You’ve probably had the experience of walking down the street and realizing someone is headed directly in a path directly toward you. You shift to the left. They shift to the left. You shift to the right. They shift to the right. Maybe, just maybe, you bump into each other. Why? Because you’re looking at each other! And humans are wired to head in the direction we’re looking. If you want to avoid running into that person, look AWAY from them, in the direction you decide to go!
Famous entrepreneur Robert Herjavec was interviewed recently about business and race car driving. His advice, which has been passed down from race car driver to race car driver:
Don’t Look at the Wall!!
I try this trick on my bicycle when I realize I’m about to run over an inanimate object or hit a pothole. Often I fail to look where I want to go, instead concentrating on the obstacle. The result? A very bumpy ride.
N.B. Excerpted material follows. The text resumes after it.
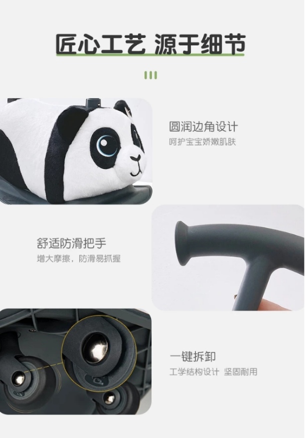 YVolution菲乐骑团队致力于为孩子们带来有趣童年的同时,也没有忽略产品结构的便携和防护以及宝爸宝妈的体验感!于是为宝宝和宝爸宝妈们带来了一拆二的熊猫摇摇车~

There are plenty of ways this metaphor can be applied to business (and maybe you thought that’s where I was going), but Thanksgiving is this week! So I thought I’d reflect on the way the “don’t look at the wall” rule applies to relationships and family.
Changing Family Dynamics
Is there one person in your family who tends to be disruptive or otherwise absorbing of attention? Are there moments when all energy goes toward that person instead of toward the connections between everyone else in the room? In those moments, you’re looking at the wall. What would happen if you remembered to look in a different direction?
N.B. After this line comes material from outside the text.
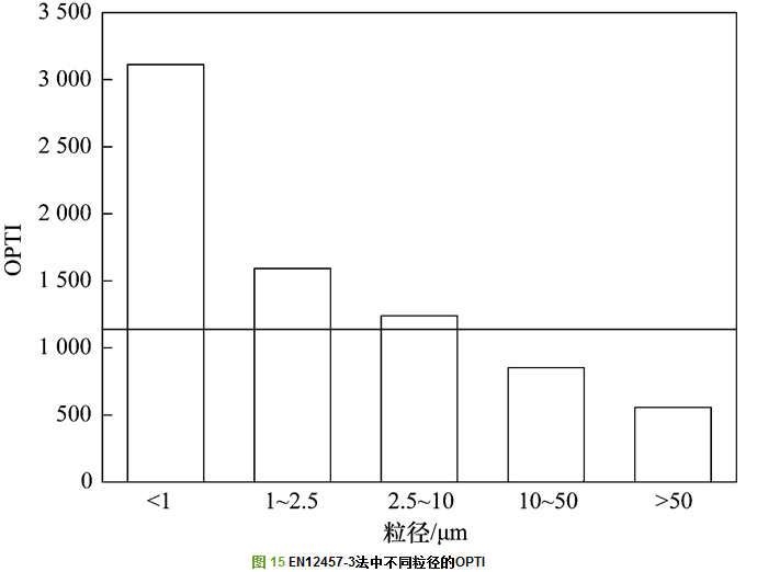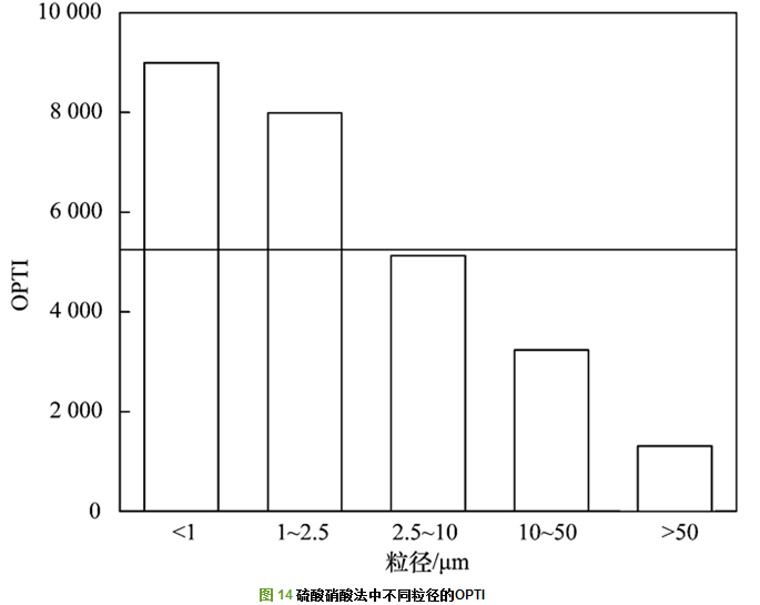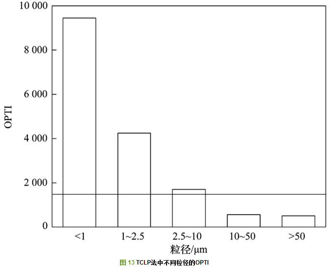從圖 13~15中可以看出, 隨著粒徑的減小, 飛灰的毒性增強(qiáng), 并且在TCLP法和硫酸硝酸法中的毒性遠(yuǎn)大于歐盟EN12457-3中的毒性.其中的橫線部分代表了未經(jīng)分級的原樣飛灰的綜合毒性, 在TCLP法, 硫酸硝酸法, 歐盟EN12457-3法中的OPTI值分別是:1 512.24、5 162.37和1 159.22.從圖 13~15中可以看出, 粒徑段為10~50 μm和>50 μm的飛灰的OPTI值明顯在原樣飛灰的OPTI值之下.所以, 將飛灰的粒徑分成兩部分:大于10 μm和小于10 μm, 可以看出原樣飛灰的OPTI值介于兩者之間.所以可以得出結(jié)論, 小于10 μm的飛灰更具有毒性, 危害性更大.因此, 應(yīng)該根據(jù)不同飛灰的粒度來考慮飛灰的資源化利用.

Perhaps you have a sticking point with a member of your family. Every time you see them, the same problem spot rears its head. What if instead you focused on where you want your relationship to be going? What if you identified and expressed what Drs. Bob and Judith Wright identify as universal human yearnings, such as to be loved, to be connected, to matter, and to be seen and heard?
I’ve found that it makes a difference simply to acknowledge how things are now, and to talk about how you want things to be. I’ve been surprised with my own family that people I have conflicts or distance with want to work through our issues and get closer—just as much as I do.
Heart of the Fight
If you have fights that are running you into walls, or if you want to move through your conflicts faster and with better results, you might like the most recent book by the above-mentioned authors: The Heart of the Fight. What a great time of year to learn how to fight productively! You can use these tools into the new year and beyond.
This holiday season, can you be a good race car driver, diverting your eyes from the wall or from that sticking point you’re about to crash into? Can you keep your eye on the ball— the way you want your relationships to work, the love you want in your life, and the gratitude you want to express? Can you use your fights as a path toward intimacy? If so, I’m willing to bet you’ll win the race.